Work task
Transcribe the listing exactly, skipping every picture.

Record extracts
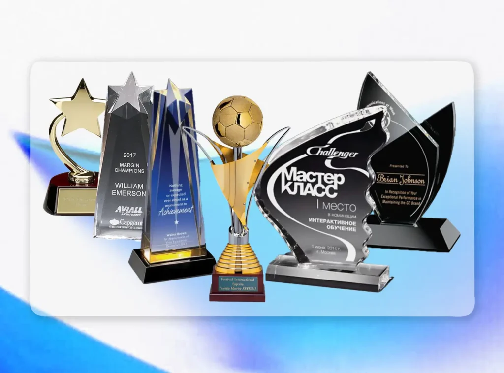 Excellence deserves to be immortalized in high-quality materials. We utilize a curated selection of optical crystals, high-density acrylics, polished wood, and premium metals. Each award is finished with precision engraving or digital printing to ensure the recipient feels the weight of their achievement.
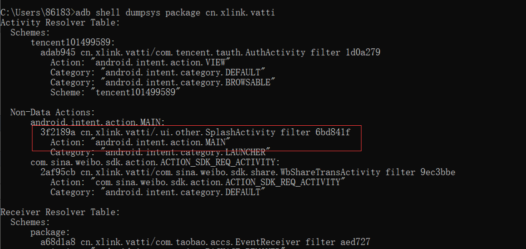 2、获取启动Activity:adb shell dumpsys package XXXXX
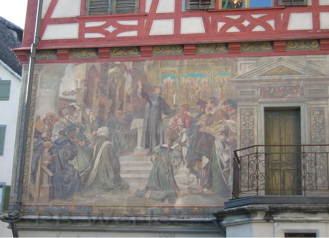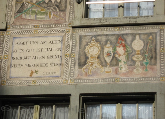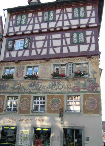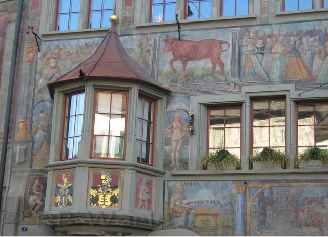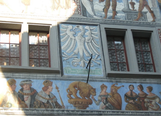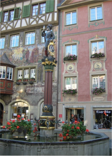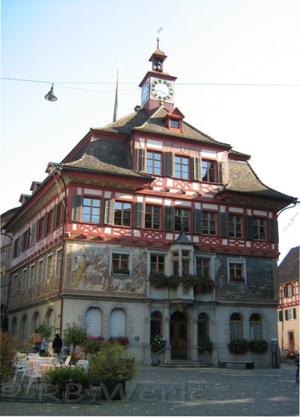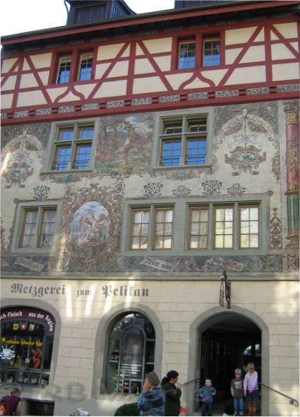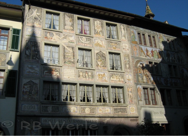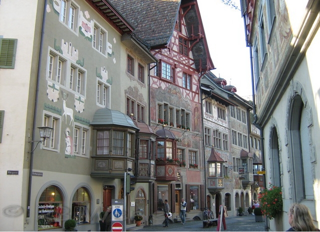 mittelalterliche Stadt Stein am Rhein. Beeindruckend sind die bemalten Häuserfassaden. Jedes Haus besitzt einen Namen passend zum
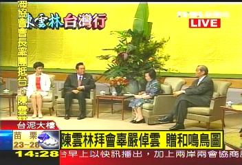 陳云林拜會(huì)辜嚴(yán)倬云,追思辜振甫推動(dòng)兩岸關(guān)系的精神;辜嚴(yán)倬云首先贈(zèng)上張大千的名作“和鳴鳥圖”給陳云林,象征兩岸“合鳴”。
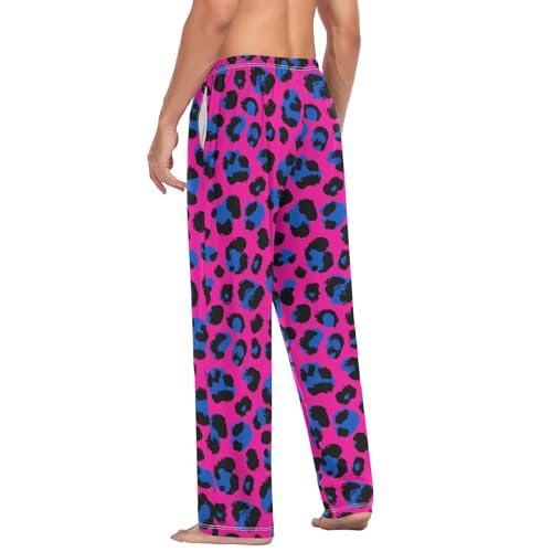 HOT ! Vdsrup Men's Pajama Pants Blue Leopard Print Pajama Pants for Men PJs Bottoms Drawstring Pockets Pink Sleep Lounge Pants S
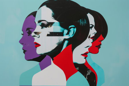 Abstract artwork featuring a woman with multiple faces in vibrant colors
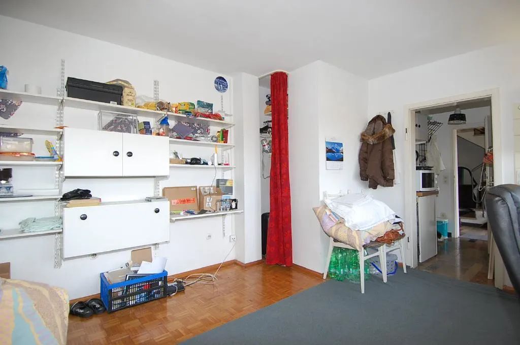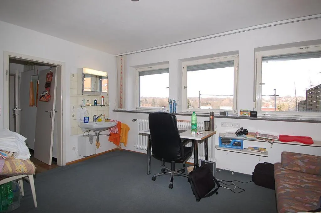 Die Wohnung wird teilweise möbliert vermietet. Zur Ausstattung gehört: ein Schrank, ein Schreibtisch, ein Schreibtischstuhl, 2 Stühle, eine Schlafcouch und ein Waschbecken mit Spiegel. Weiterhin ist die Koch-Nische mit einem Kühlschrank, einer Mikrowelle, einem Toaster und einer kleinen Kochplatte ausgestattet.
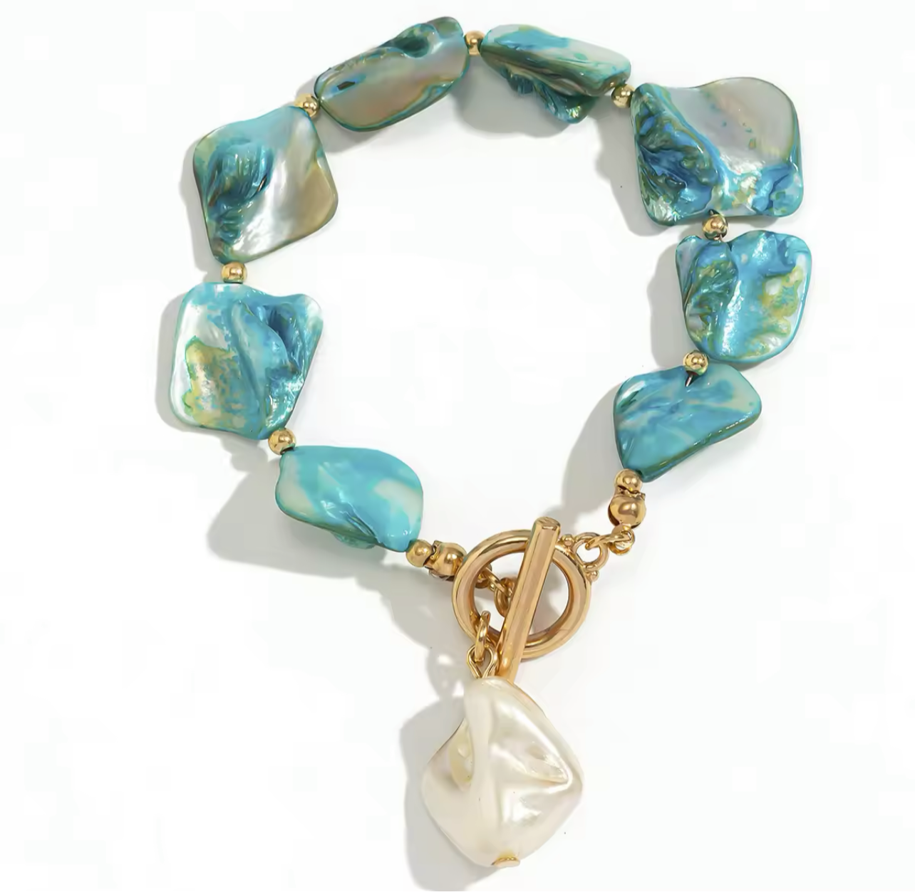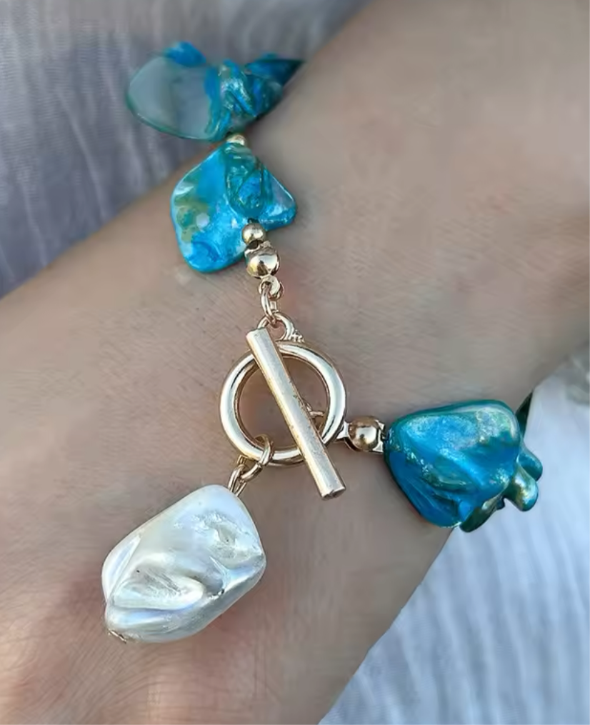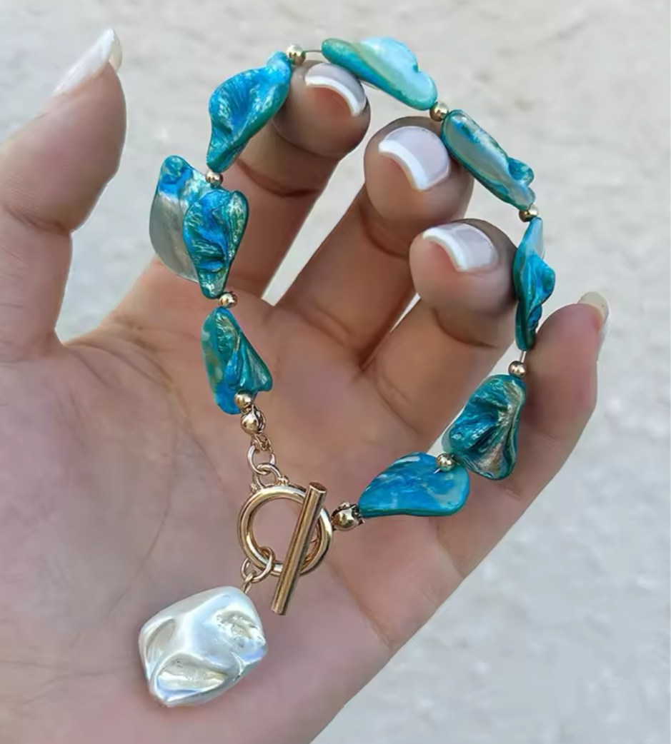 Crafted with 18K gold plated stainless steel and natural shell, the Seaside Pearl Bracelet is the perfect addition to your summer or holiday wardrobe. Its stunning Aqua color will elevate any day or night look.
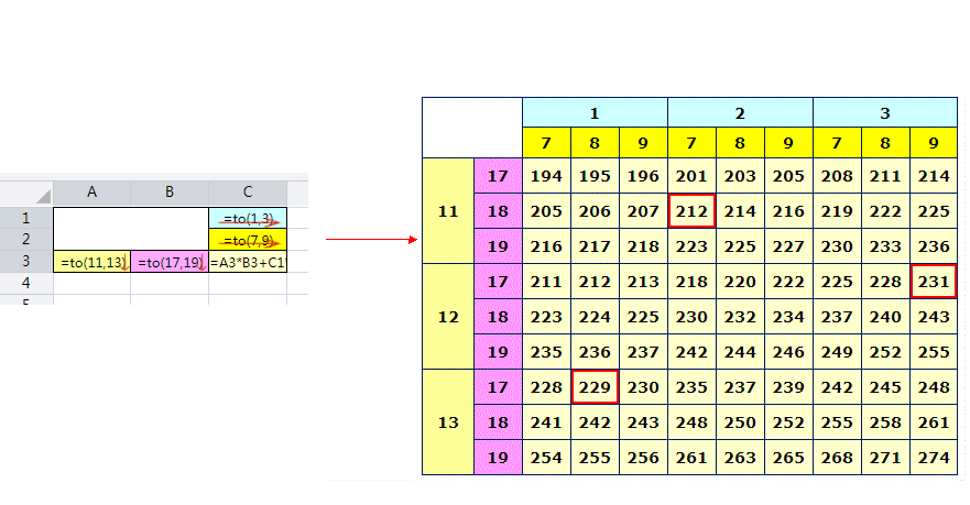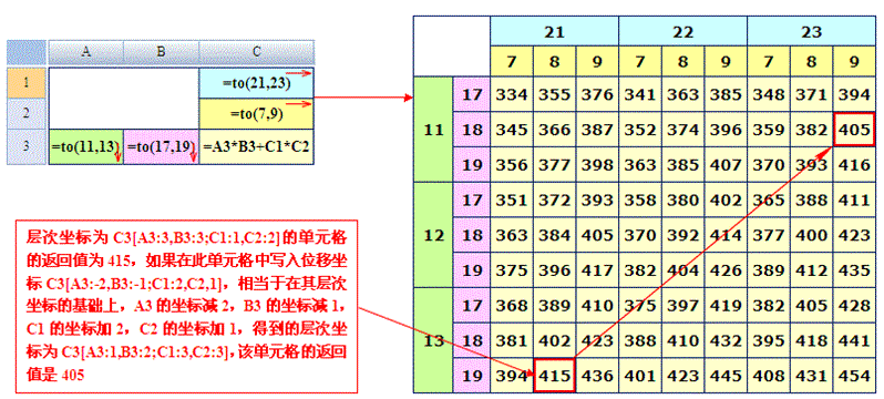 例3:下图的报表中,C3[A3:1,B3:2;C1:2]的返回值为212;C3[A3:3;C1:1,C2:2]的返回值为229;C3[A3:2;C1:3,C2:3]的返回值为231。
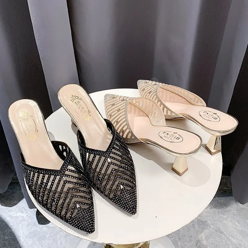 Женские мюли; Шлепанцы с прошитым дизайном; Модные сандалии с острым носком; Пикантные летние шлепанцы без застежки; Удобные шлепанцы

Result of the task
 Excellence deserves to be immortalized in high-quality materials. We utilize a curated selection of optical crystals, high-density acrylics, polished wood, and premium metals. Each award is finished with precision engraving or digital printing to ensure the recipient feels the weight of their achievement.
 2、获取启动Activity:adb shell dumpsys package XXXXX
 mittelalterliche Stadt Stein am Rhein. Beeindruckend sind die bemalten Häuserfassaden. Jedes Haus besitzt einen Namen passend zum
 陳云林拜會(huì)辜嚴(yán)倬云,追思辜振甫推動(dòng)兩岸關(guān)系的精神;辜嚴(yán)倬云首先贈(zèng)上張大千的名作“和鳴鳥圖”給陳云林,象征兩岸“合鳴”。
 HOT ! Vdsrup Men's Pajama Pants Blue Leopard Print Pajama Pants for Men PJs Bottoms Drawstring Pockets Pink Sleep Lounge Pants S
 Abstract artwork featuring a woman with multiple faces in vibrant colors
 Die Wohnung wird teilweise möbliert vermietet. Zur Ausstattung gehört: ein Schrank, ein Schreibtisch, ein Schreibtischstuhl, 2 Stühle, eine Schlafcouch und ein Waschbecken mit Spiegel. Weiterhin ist die Koch-Nische mit einem Kühlschrank, einer Mikrowelle, einem Toaster und einer kleinen Kochplatte ausgestattet.
 Crafted with 18K gold plated stainless steel and natural shell, the Seaside Pearl Bracelet is the perfect addition to your summer or holiday wardrobe. Its stunning Aqua color will elevate any day or night look.
 例3:下图的报表中,C3[A3:1,B3:2;C1:2]的返回值为212;C3[A3:3;C1:1,C2:2]的返回值为229;C3[A3:2;C1:3,C2:3]的返回值为231。
 Женские мюли; Шлепанцы с прошитым дизайном; Модные сандалии с острым носком; Пикантные летние шлепанцы без застежки; Удобные шлепанцы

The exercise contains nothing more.